With this (--raw-chunks) flag, GraphRAG will display not just the final answer, but also the raw retrieved context used to generate it. This gives you clear visibility into:

What was retrieved
What was passed to the LLM
And why the model may have responded the way it did

It’s a lightweight, non-intrusive addition , but it makes a big difference for debugging, development, and quality assurance.

Code Changes and Implementation Details

To enable the --raw-chunks functionality in GraphRAG, I made modifications across six key files within the package. When you install GraphRAG using pip install graphrag, the full source code is downloaded into your environment. To implement this feature, you’ll need to dive into the installed package and directly modify the relevant components.

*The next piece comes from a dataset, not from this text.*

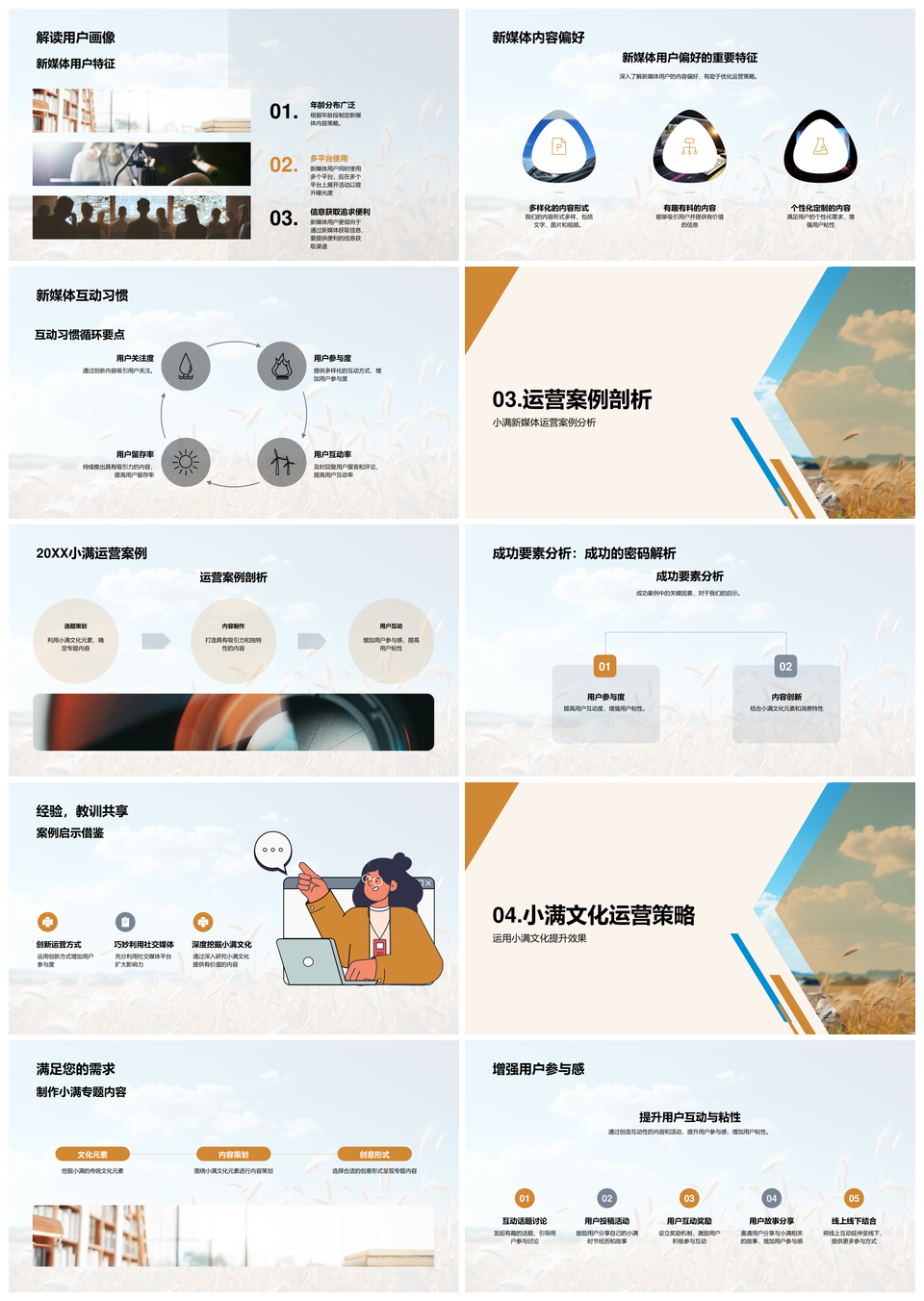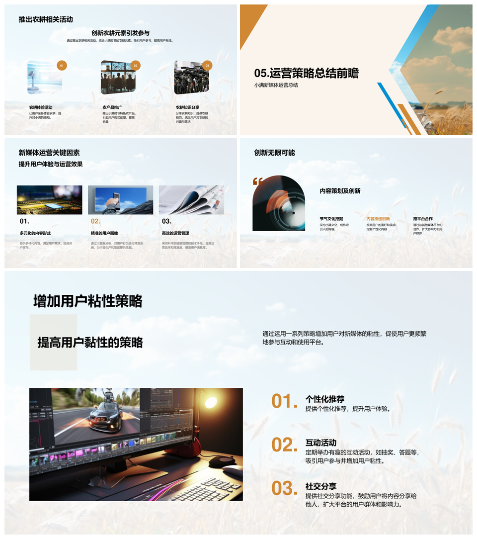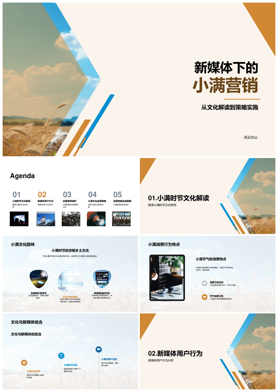 这是一张新媒体小满营销文化消费互动策划社区运营节气谷物PPT模板,包含新媒体、小满、营销、文化、消费、互动、策划、社区、运营、节气、谷物等主题内容,也可用作新媒体小满营销文化、小满营销文化消费、文化消费互动策划、互动策划社区运营、社区运营节气谷物、新媒体小满节气、小满营销互动策划、消费互动社区运营、策划社区节气谷物、新媒体文化消费、营销互动节气、策划运营谷物、小满节气谷物、社区节气、互动社区等PPT场景使用。 风云办公提供的新媒体小满营销文化消费互动策划社区运营节气谷物PPT模板,下载格式为pptx,一共23页,作品中文字及图均可以修改和编辑,图片更改请在作品中右键图片并更换,文字修改请直接点击文字进行修改。

the following files are should be changed:

graphrag/query/factory.py
graphrag/cli/main.py
graphrag/cli/query.py
graphrag/query/structured_search/local_search/search.py
graphrag/query/structured_search/global_search/search.py
graphrag/query/structured_search/drift_search/search.py

Each of these files plays a role in the query flow and structured search logic. The cli module handles command-line parsing, so I updated it to accept the new --raw-chunks flag. In the factory.py and search-related modules, I integrated the logic needed to capture and return the raw retrieved context alongside the final output. No entirely new files, classes, or components were created , the feature was added by extending and modifying existing functions and classes within the current codebase. The implementation is designed to be non-intrusive, if the flag is not used, existing behavior remains unchanged.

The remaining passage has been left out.